NEWS10 June 2019

Google pays $2.6bn for data analytics firm

Data analytics M&A News North America

US – Alphabet’s Google has paid $2.6bn in cash for California-based business intelligence and data analytics company, Looker.

Google

Looker will join Google Cloud. Its chief executive, Thomas Kurian, is behind this purchase – his first since joining the company in November 2018 – and Alphabet’s biggest since it bought Nest in 2014.

Kurian said: “The combination of Google Cloud and Looker will enable customers to harness data in new ways to drive their digital transformation. We remain committed to our multi-cloud strategy and will retain and expand Looker’s capabilities to analyse data across Clouds.”

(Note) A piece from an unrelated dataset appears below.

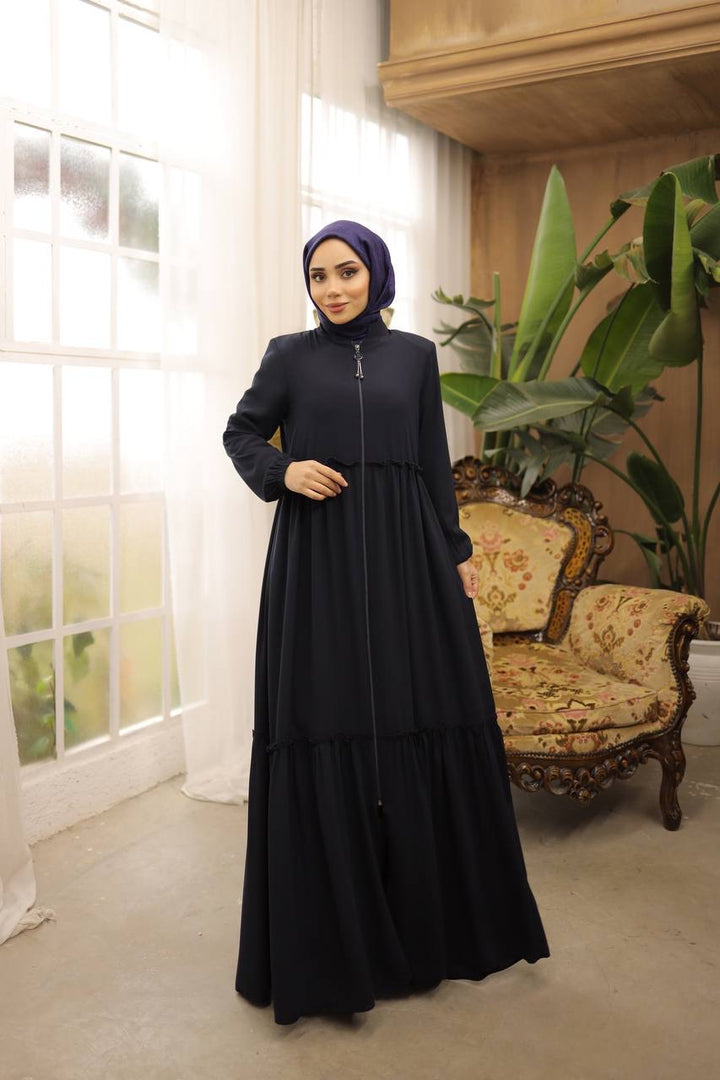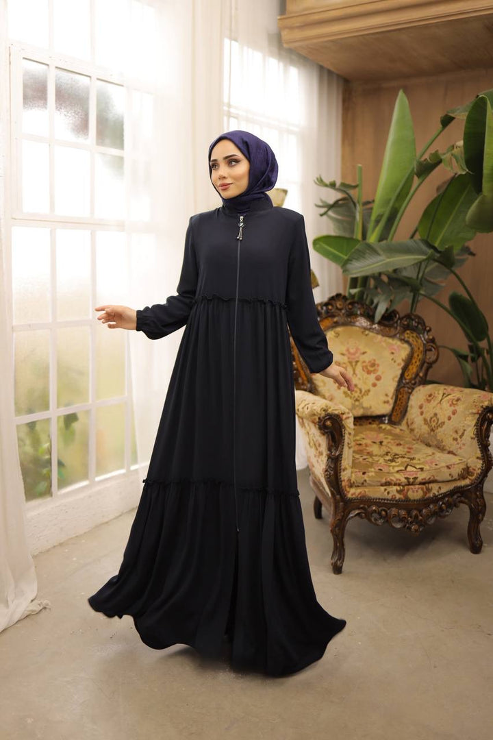 العباية مزينة بطبقتين منفصلتين بكسرات خفيفة تبدأ من أسفل الخصر وتنسدل بنعومة لغاية الأرض، بتمنح العباية شكل ملوكي مريح وفضفاض بدون مبالغة، وبنفس الوقت تعزز الإحساس بالحركة والرشاقة 👣

Looker was founded in 2012, employs about 800 people and has raised $281m in venture capital. It shares more than 350 customers including Buzzfeed, Hearst, King and WPP Essence. Its chief executive, Frank Bien, is expected to stay at Google.

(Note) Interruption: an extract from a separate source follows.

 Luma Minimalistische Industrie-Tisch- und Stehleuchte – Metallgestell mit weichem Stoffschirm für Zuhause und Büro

Bien added: “We’ll have greater reach, more resources, and the brightest minds in both analytics and cloud infrastructure working together to build an exciting path forward for our customers and partners. Together, we are reinventing what it means to solve business problems with data at an entirely different scale and value point.”

Amazon and Microsoft lead the cloud market – accounting for 32% and 13.7% respectively – with Google in third place at 7.6%, according to Canalys.

IDC put the worldwide revenue of big data and business analytics at £166bn in 2017 – up 11.7%.